Each input sample must contain the following fields:
| Field | Required | Description |
|---|---|---|
id |
✅ | Unique sample identifier |
question |
✅ | Instruction text |
answer |
✅ | Ground truth (bounding box coordinates) |
image |
✅ | Image file path |
image_size |
✅ | [width, height] in pixels |
system_prompt |
❌ | List of system prompt strings (used when SYSTEM_PROMPT="call_user") |
A key goal of ClawGUI-Eval is faithful reproduction of officially reported numbers. Below we compare our reproduced results against official baselines across all supported benchmarks.
📂 All inference results are publicly available on our dataset page: 🤗 HuggingFace: johnzqlu/clawgui-eval | 🤖 ModelScope: Matrix0602/clawgui-eval
Criterion: A result is considered successfully reproduced (✅) if the reproduced number meets or exceeds the official number, or the absolute difference is ≤ 2%.
-means no official baseline is available.

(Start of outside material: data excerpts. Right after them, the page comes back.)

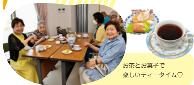
お茶とお菓子で 楽しいティータイム♡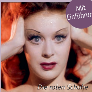
Die roten Schuhe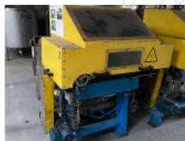
Referencia: MIC-060A CORTADOR ROTATIVO FLOCK Año: 2005 Marca: H&H Ancho mesa: 432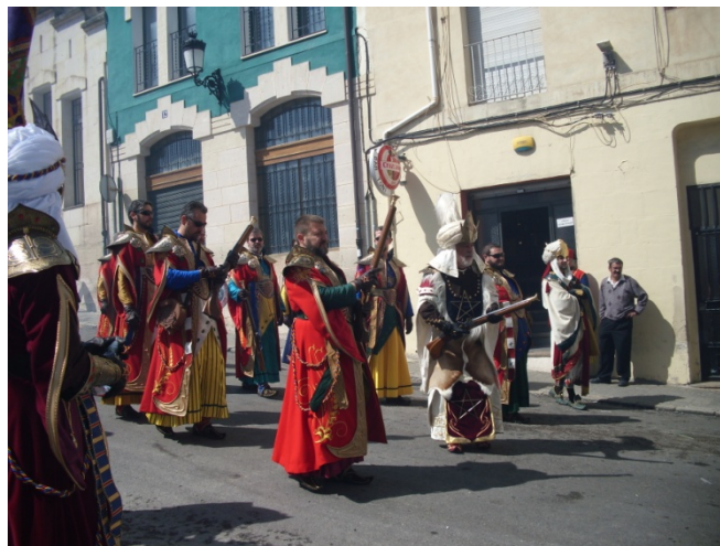
Capitán Moro durante la batalla. 24 de Abril del 2010

A las 10 de la mañana un jinete del bando moro lleva al castillo, donde están atrincherados los cargos del ejército cristiano, un mensaje del Capitán Moro en el cual se solicita la rendición cristiana. Este mensaje es repudiado por los Cristianos, así el jinete corre veloz por la calle San Nicolás (centro neurálgico de las festividades) a comunicar la negativa a su Capitán. Éste en un intento de negociación, envía a su Embajador al castillo. Aquí empieza el acto de L' Embaixà , una representación teatral en la que el embajador del ejército moro insta a la rendición al castillo. Ante la falta de acuerdo empieza las batallas por las calles del centro de la ciudad. La guerra culmina el mediodía con una lucha con espadas ante la puerta del castillo. La batalla es ganada por el ejército moro, izando la señera de la media luna en el castillo.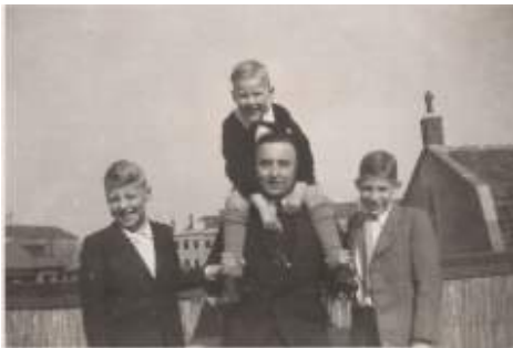
'Pleegjongens', april 1944

Met de aantocht van de Canadezen in zicht maken tante Co en oom Cas een tweetal foto's op het terras van hun woning. Het worden afscheidsfoto's.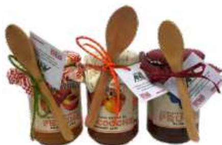
CONFETTURA confezione con cucchiaino legno, confetture extra gusti vari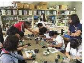
高等部：県立高校との交流

作業選択は3年間を通じて行い、1年生の頃には体力に自信がなかった生徒達が、3年生になると物品運びや立ち仕事にも対応できるようになってくる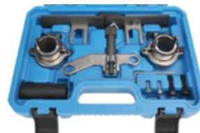
ALINEACION DE TIEMPO CHEVROLET ONIX TRACK PRECIO: 60.00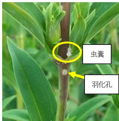
図3 茎に形成された羽化孔と 茎食入部の虫糞

※ 蛹は羽化孔周辺に存在する。品種により 差があるが、髓部を食害された部分の茎 が赤くなる場合が多い。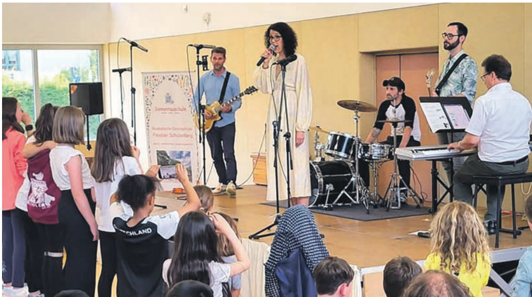
Aufgrund des unbeständigen Wetters fand das Konzertprogramm in der Turnhalle statt, die rechtzeitig zum Beginn der Veranstaltung auch sehr gut gefüllt war.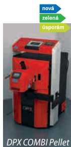
DPX COMBI Pellet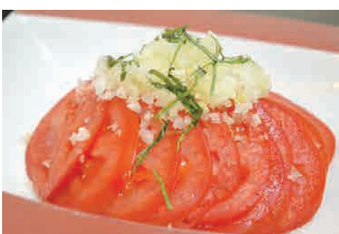
トマトサラダ 価格: 80,000 VND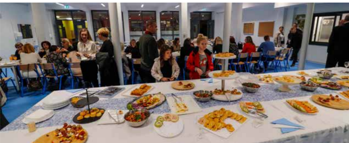
Druženje malih i velikih u novom blagovaoničkom prostoru OŠ I. Kukuljevića Sakcinskog

-Dogradnja škole će omogućiti produženi boravak, a u budućnosti i cjelodnevni boravak, što će omogućiti učenicima da kvalitetnije koriste slobodno vrijeme nakon što završe obvezni dio. Bit će gužva kada djeca dolaze u školu jer dio roditelja ih dovozi u automobilima i zato Grad već priprema rješenja za proširenje i povećanje parkirnog prostora i uređenja komunalne infrastrukture – poručio je Batinić.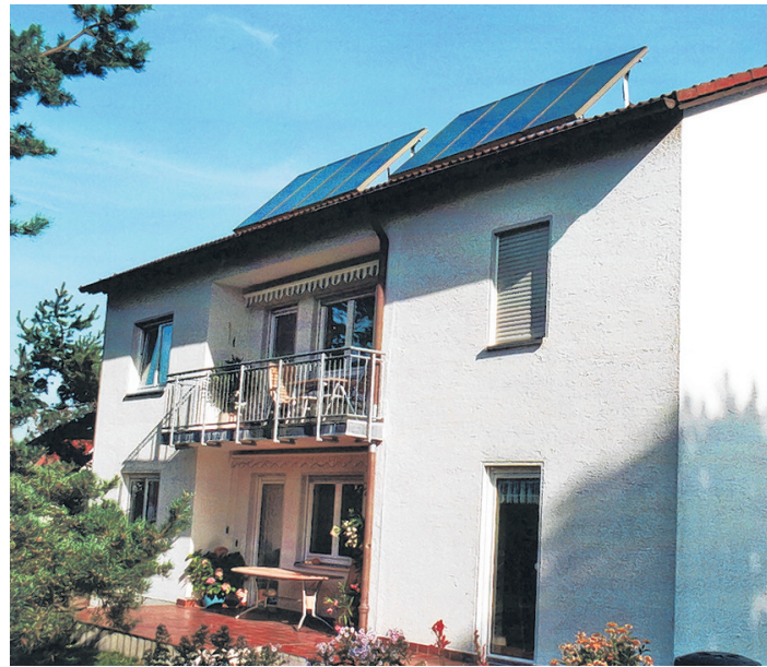
Eine 17 Quadratmeter große, aufgeständerte Solaranlage unterstützt die Pelletsheizung und sorgt auch im Sommer für warmes Wasser.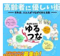
「ゆるやかなつながり」 チラシ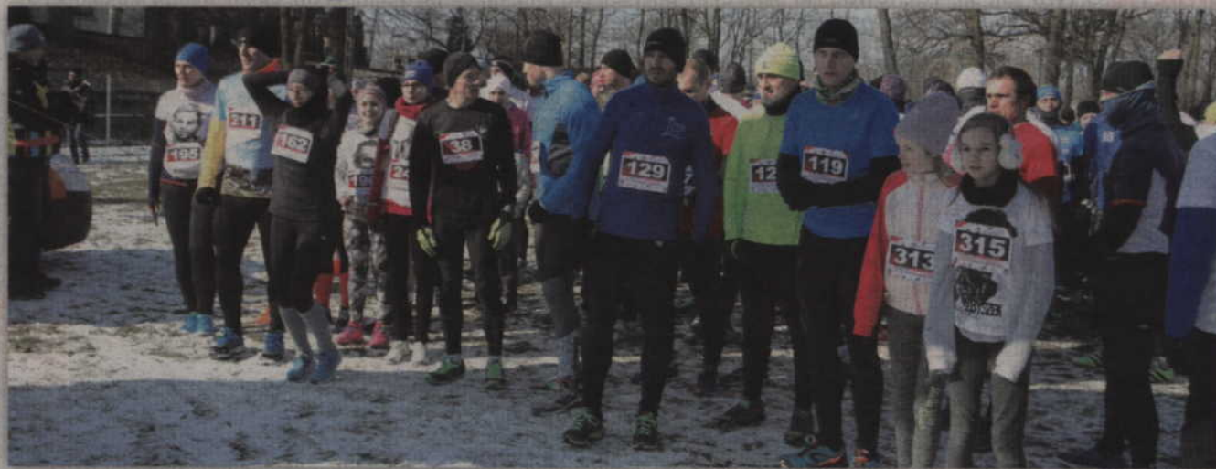
W trzeciej, gardejskiej edycji biegu wystartowało ponad 268 biegaczy.

jest zbyt mała. Ilość telefonów do biura ośrodka czy liczba e-maili z pytaniami czy są jeszcze wolne miejsca na nasz bieg jest dowodem na to, że bieg na stałe wpisał się kalendarz sportowych imprez w naszym regionie. Również dla nas jest to powód do radości. Wzorem poprzednich biegów, wyznaczymy dwie trasy. Pierwsza, licząca dokładnie 1963 metry, to trasa rodzinna. Druga trasa będzie liczyła 10 km i będzie przeznaczona dla tych osób, które lubią większy wysiłek biegowy. Szczegóły związane z biegiem zamieszczamy na bieżąco na stronie internetowej ośrodka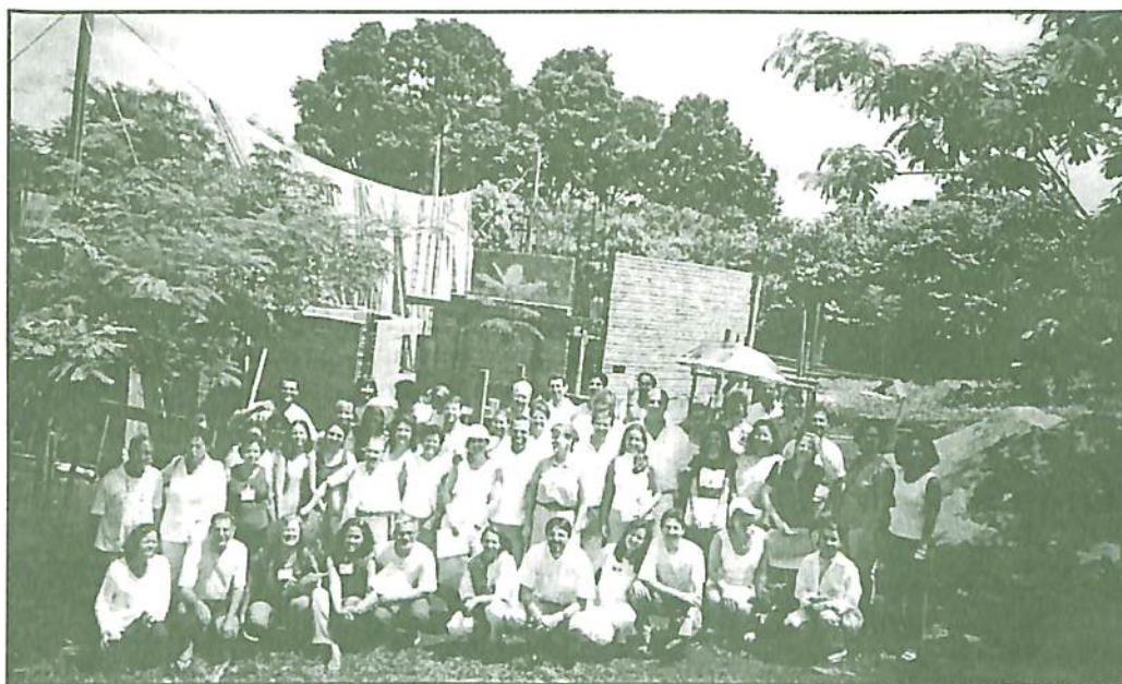
Pesquisadoras do Curso Argumentação Mentalsomática, em frente às obras do Acoplamentarium.

Confira na página 3 as datas, preços e formas de pagamento desse curso inédito.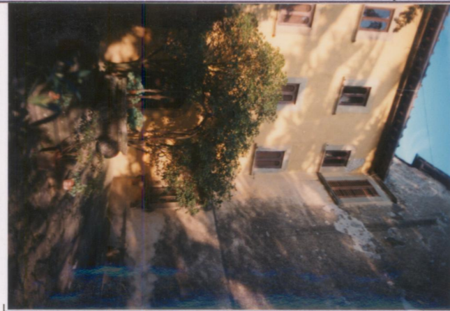
p.v. N. 2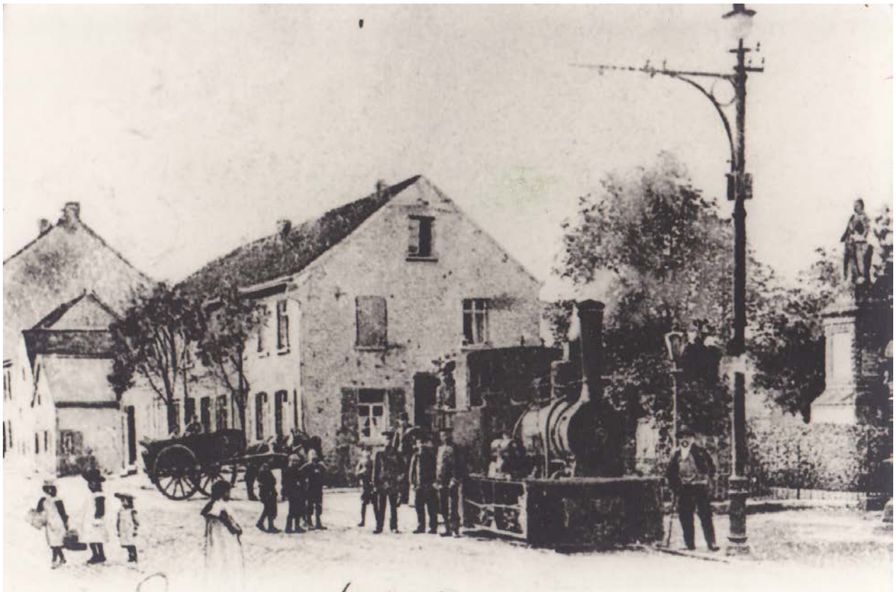
Die Lokomotive der Bergischen Kleinbahn um 1903 in Heiligenhaus am „Denkmal“ (heute Rathaus)

Der Streckenbeginn in Hösel war da, wo sich heute das 1996 fertiggestellte Parkdeck befindet. Hier waren ein Lokomotivschuppen und mehrere Abstell- und Ladegleise, auch zum Güterschuppen, eingerichtet worden. Das Ladegleis verlief parallel zum Gleis der Königlich-Preußischen Eisenbahn. Von hier wurden alle Güter insbesondere Kohlen, für die vielen Dampfmaschinen, die in den Heiligenhauser Fabriken als Antrieb für den umfangreichen Maschinenpark dienten, von Hand in die Waggons der Kleinbahn geschaufelt.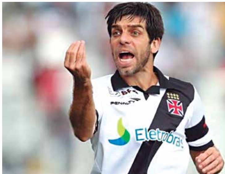
Juninho Pernambucano está fora do jogo contra o Goiás hoje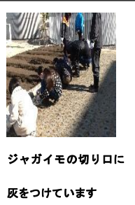
ジャガイモの切り口に灰をつけています

二月七日(水)に菜園活動では「ジャガイモの種イモ植え」を行いました。半分は切ったジャガイモの切り口に灰をつけて土に植えました。これは、ジャガイモの切り口が腐るのを防止するためです。このジャガイモは来年度の野菜販売活動の商品になる予定です。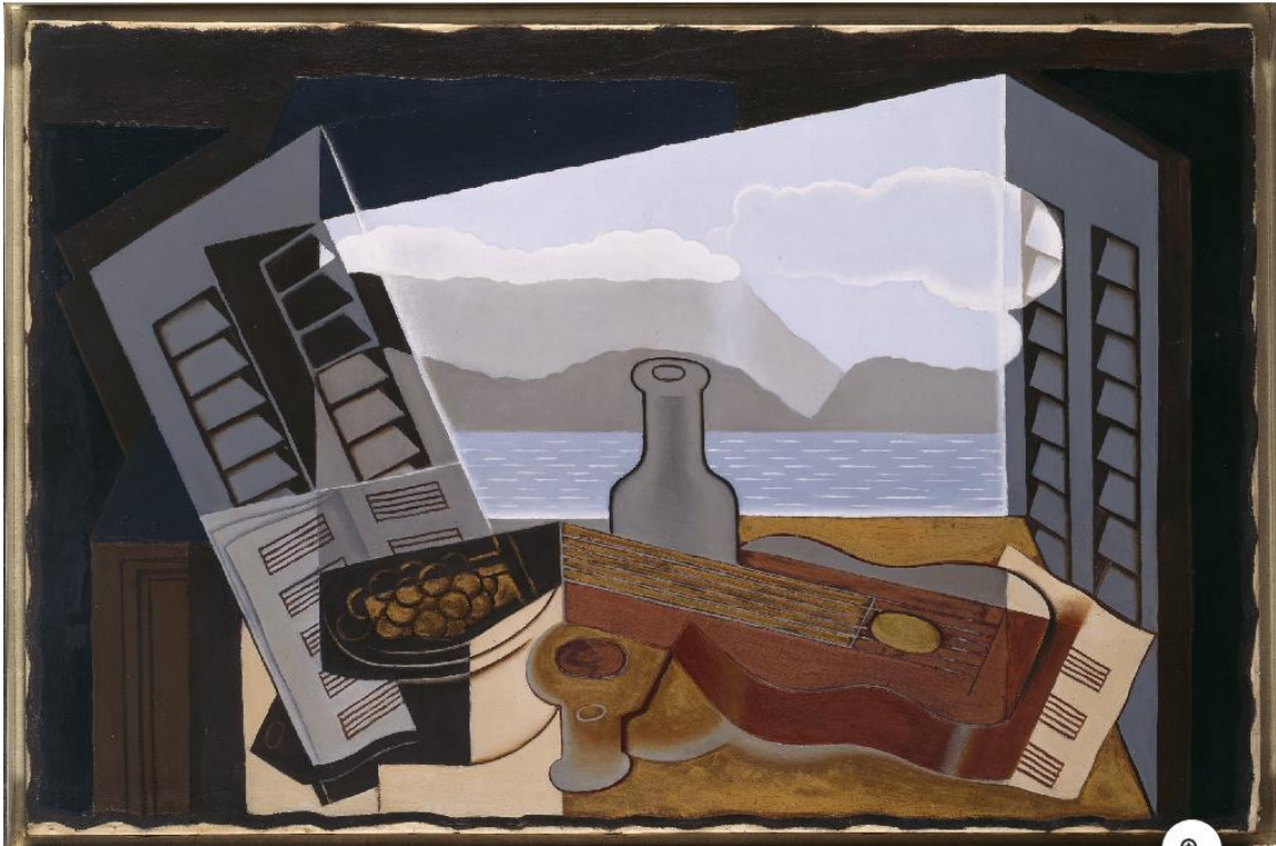
Dit voorbeeld is van Juan Gris: The open window 1921. (Voorbeeld uit het kubisme; Kenmerkend meerdere standpunten – men “speelde” met het perspectief). Toch zien we aan de luiken dat het hier om een zicht door het raam gaat.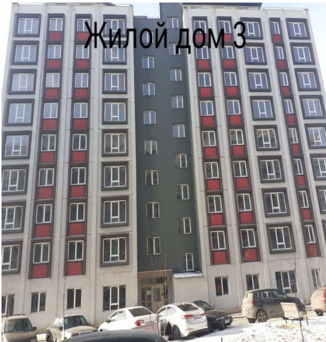
Жилой дом 3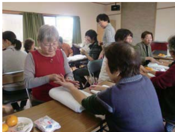
ハンドマッサージなどのワークショップ時には様々なニーズを聴ける場合が多い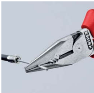
Фрезерованная канавка в зоне раствора

08 22 145 T : инструмент с креплением для страховки от падения с высоты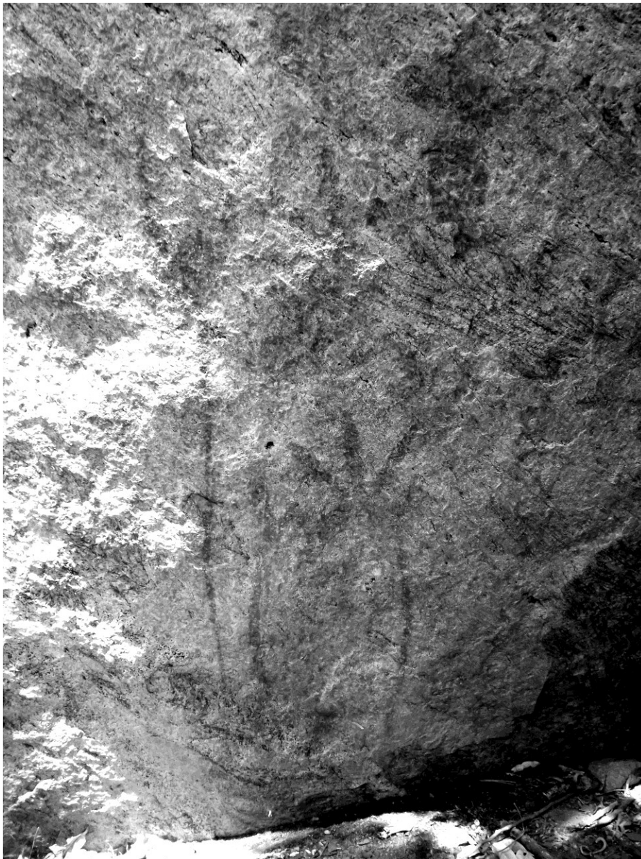
Figura 5: Sítio Rupestre São Joaquim.

Assim, a história local se inicia com a colonização, sendo o nome do município atribuído à Casa Bragança, dinastia reinante em Portugal em meados de 1640, ou ainda, a um português de nome Bragança, que era dono de um rancho para abrigar tropeiros.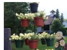
Millet, AB - Récipiendaire du prix pour la Protection du patrimoine, présenté par Cef

Gestion des arbres tient compte des efforts de la municipalité, des secteurs commerciaux et institutionnels et des résidents en matière de foresterie urbaine en ce qui concerne les politiques écrites, la réglementation et les normes de gestion (sélection, plantation, entretien); les plans de gestion à court et à long terme; les politiques de remplacement des arbres, la sélection des arbres favorisant la pollinisation, les inventaires; la lutte antiparasitaire intégrée; le patrimoine et les arbres commémoratifs.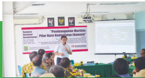
Seminar Kemaritiman "Membangun Maritim: Pilar Baru Kedaulatan Ekonomi" (11 Oktober 2018)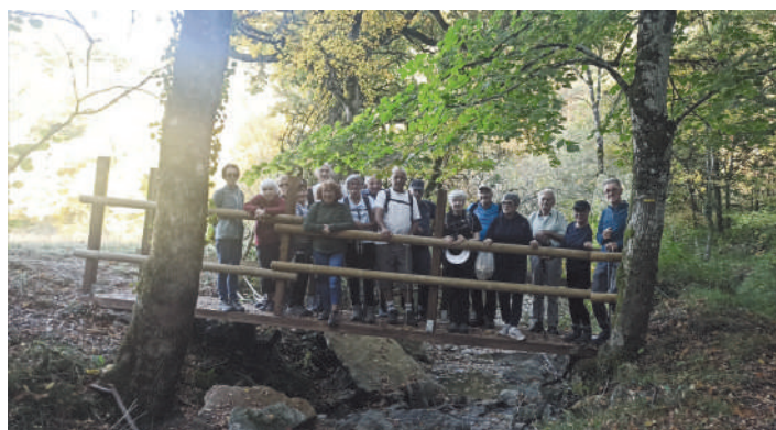
Photo : près de St-Félix-de-l'Héras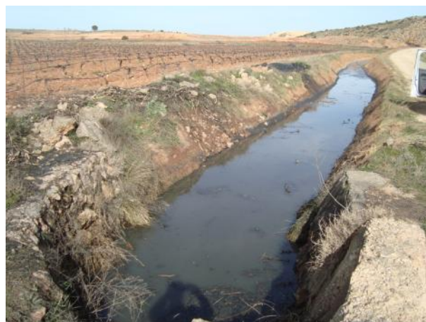
Después de la actuación.

| Model | SS-Pro Official | SS-Pro Ours | SS-V2 Official | SS-V2 Ours | UIVision Official | UIVision Ours | MMB-GUI Official | MMB-GUI Ours | OSWorld-G Official | OSWorld-G Ours |
|---|---|---|---|---|---|---|---|---|---|---|
| GUI-G2 | 47.50 | 47.75 ✅ | 93.30 | 93.32 ✅ | - | 25.99 | - | 79.33 | - | 58.63 |
| GUI-Owl 1.5-2B | 57.80 | 56.36 ✅ | 89.70 | 89.23 ✅ | - | 23.71 | 72.17 | 71.54 ✅ | 52.80 | 52.04 ✅ |
| GUI-Owl 1.5-4B | 66.80 | 66.16 ✅ | 93.20 | 92.53 ✅ | - | 29.97 | 83.24 | 82.94 ✅ | 63.70 | 62.34 ✅ |
| GUI-Owl 1.5-8B | 71.10 | 70.08 ✅ | 93.70 | 93.55 ✅ | - | 36.70 | 82.52 | 82.33 ✅ | 65.80 | 64.12 ✅ |
| Qwen3-VL-2B | 48.50 | 43.90 ❌ | - | 88.92 | - | 15.06 | - | 73.12 | - | 54.12 |
| Qwen3-VL-4B | 59.50 | 59.39 ✅ | - | 93.08 | - | 27.78 | - | 84.28 | - | 68.43 |
| Qwen3-VL-8B | 54.60 | 56.42 ✅ | - | 94.26 | - | 27.96 | - | 84.25 | - | 65.88 |
| Qwen2.5-VL-3B | - | 15.62 | - | 64.86 | - | 6.73 | - | 52.81 | - | 26.08 |
| Qwen2.5-VL-7B | - | 27.45 | - | 87.66 | - | 14.40 | - | 70.26 | - | 35.49 |
| UI-TARS 1.5-7B | 49.60 | 42.06 ❌ | - | 89.54 | - | 20.30 | - | 73.23 | - | 58.24 |
| UI-Venus-7B | 50.80 | 50.47 ✅ | 94.10 | 94.03 ✅ | 26.50 | 26.52 ✅ | - | 80.08 | 58.80 | 59.41 ✅ |
| UI-Venus 1.5-2B | 57.70 | 58.82 ✅ | 92.80 | 93.24 ✅ | 44.80 | 43.82 ✅ | 80.30 | 81.19 ✅ | 59.40 | 58.97 ✅ |
| UI-Venus 1.5-8B | 68.40 | 67.68 ✅ | 95.90 | 95.83 ✅ | 46.50 | 45.88 ✅ | 88.10 | 87.79 ✅ | 69.70 | 69.98 ✅ |
| MAI-UI-2B | 57.40 | 57.94 ✅ | 92.50 | 92.30 ✅ | 30.30 | 29.68 ✅ | 82.60 | 82.80 ✅ | 52.00 | 54.17 ✅ |
| MAI-UI-8B | 65.80 | 64.07 ✅ | 95.20 | 94.34 ✅ | 40.70 | 40.23 ✅ | 88.80 | 88.81 ✅ | 60.10 | 63.23 ✅ |
| StepGUI-4B | 60.00 | 59.14 ✅ | 93.60 | 91.98 ✅ | - | 29.90 | 84.00 | 83.03 ✅ | 66.90 | 65.69 ✅ |
| Gemini 3.0 Pro (Zoom, API) | 72.70 | 75.08 ✅ | - | - | - | - | - | - | - | - |
| Gemini 3.1 Pro (Zoom, API) | - | 85.01 | - | - | - | - | - | - | - | - |
| Seed 1.8 (Zoom, API) | 73.10 | 72.80 ✅ | - | - | - | - | - | - | - | - |
| Kimi K2.5 (API) | - | - | - | - | - | - | - | - | - | - |
Open-Source GUI Grounding Reproduction Rate: 44 / 46 cells with official baselines = 95.7%
Frontier Model ScreenSpot-Pro Reproduction Rate: 2 / 2 = 100.0%
Overall Reproduction Rate: 46 / 48 = 95.8%
AndroidControl evaluates offline navigation with multi-action prediction (click, type, scroll, etc.). We currently support Qwen3-VL and Qwen2.5-VL on this benchmark.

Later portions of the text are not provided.